§ Task to complete
Your task is to print all of the data below exactly, with no pictures included.

§ Collected material
►

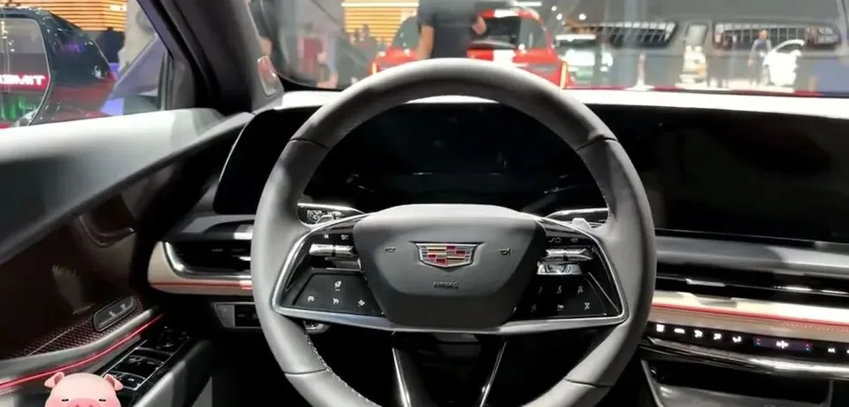 展示凯迪拉克GT4的内饰设计,包括方向盘和中控台。
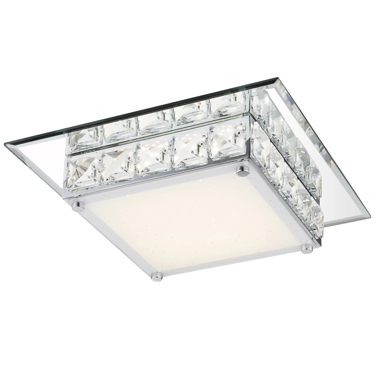 This luxurious square ceiling lamp from the Margo series impresses with its seemingly inviolable look. The shade in chrome with mirror edge and opal glass, decorated with clear K5 glass crystals, sets bright accents in every room. With a size of 25cm, a light colour of 4000K and a thickness of 720 lumens, this model is a real eye-catcher and would look stunning in any room in your home.
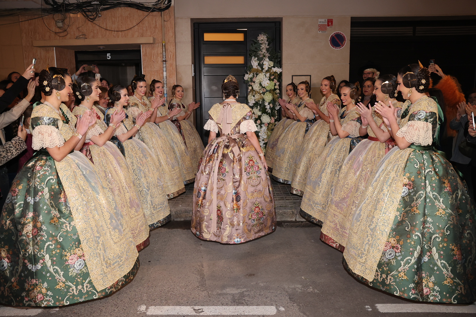 El ensayo de la dansà de las Falleras Mayores y sus Cortes

◄

§ Result
 展示凯迪拉克GT4的内饰设计,包括方向盘和中控台。
 This luxurious square ceiling lamp from the Margo series impresses with its seemingly inviolable look. The shade in chrome with mirror edge and opal glass, decorated with clear K5 glass crystals, sets bright accents in every room. With a size of 25cm, a light colour of 4000K and a thickness of 720 lumens, this model is a real eye-catcher and would look stunning in any room in your home.
 El ensayo de la dansà de las Falleras Mayores y sus Cortes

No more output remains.